The task
In the listing below, locate the line that contains "如图3所示, 防火涂料( A)" and the line that contains "4、点击界面提示的技能区域,释放武将技能". Restate word for word those two lines and every line between them, and nothing else.

Data listing

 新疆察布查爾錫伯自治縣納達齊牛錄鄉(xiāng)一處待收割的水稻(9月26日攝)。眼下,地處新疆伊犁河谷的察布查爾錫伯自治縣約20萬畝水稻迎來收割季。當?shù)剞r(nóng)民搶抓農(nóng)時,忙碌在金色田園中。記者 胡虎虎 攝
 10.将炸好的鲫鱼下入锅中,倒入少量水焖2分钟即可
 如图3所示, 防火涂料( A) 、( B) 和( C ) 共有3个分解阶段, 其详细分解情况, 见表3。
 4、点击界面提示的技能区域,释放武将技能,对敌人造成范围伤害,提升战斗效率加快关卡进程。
--
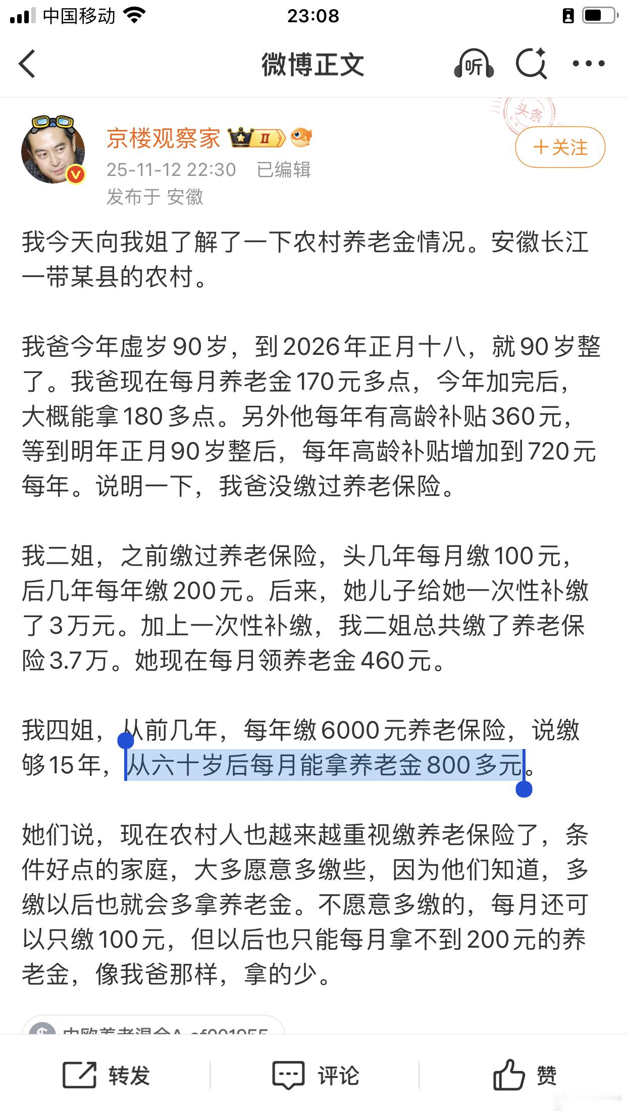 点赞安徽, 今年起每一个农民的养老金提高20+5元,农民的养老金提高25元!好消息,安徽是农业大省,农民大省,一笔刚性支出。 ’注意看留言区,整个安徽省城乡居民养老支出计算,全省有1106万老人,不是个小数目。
==
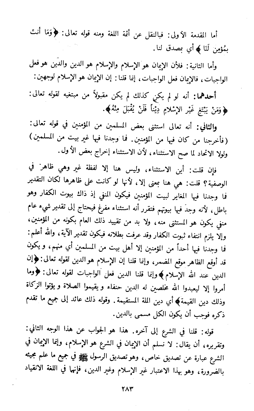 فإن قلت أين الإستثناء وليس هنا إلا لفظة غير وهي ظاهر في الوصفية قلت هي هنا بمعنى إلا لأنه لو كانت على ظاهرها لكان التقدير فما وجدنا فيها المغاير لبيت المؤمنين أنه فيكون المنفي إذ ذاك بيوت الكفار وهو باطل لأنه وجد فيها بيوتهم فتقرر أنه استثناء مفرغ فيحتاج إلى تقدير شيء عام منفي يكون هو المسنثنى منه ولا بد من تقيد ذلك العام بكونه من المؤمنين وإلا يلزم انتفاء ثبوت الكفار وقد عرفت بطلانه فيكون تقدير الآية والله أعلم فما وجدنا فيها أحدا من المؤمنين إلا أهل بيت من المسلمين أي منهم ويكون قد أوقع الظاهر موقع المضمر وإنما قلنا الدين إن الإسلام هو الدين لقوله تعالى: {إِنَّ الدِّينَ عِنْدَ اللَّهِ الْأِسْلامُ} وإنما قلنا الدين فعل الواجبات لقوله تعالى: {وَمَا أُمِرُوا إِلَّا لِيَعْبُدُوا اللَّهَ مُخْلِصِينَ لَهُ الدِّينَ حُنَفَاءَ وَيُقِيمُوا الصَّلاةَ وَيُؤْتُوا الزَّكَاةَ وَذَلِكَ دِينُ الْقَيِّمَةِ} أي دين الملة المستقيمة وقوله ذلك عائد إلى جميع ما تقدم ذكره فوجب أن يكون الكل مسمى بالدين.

Task solution
 如图3所示, 防火涂料( A) 、( B) 和( C ) 共有3个分解阶段, 其详细分解情况, 见表3。
 4、点击界面提示的技能区域,释放武将技能,对敌人造成范围伤害,提升战斗效率加快关卡进程。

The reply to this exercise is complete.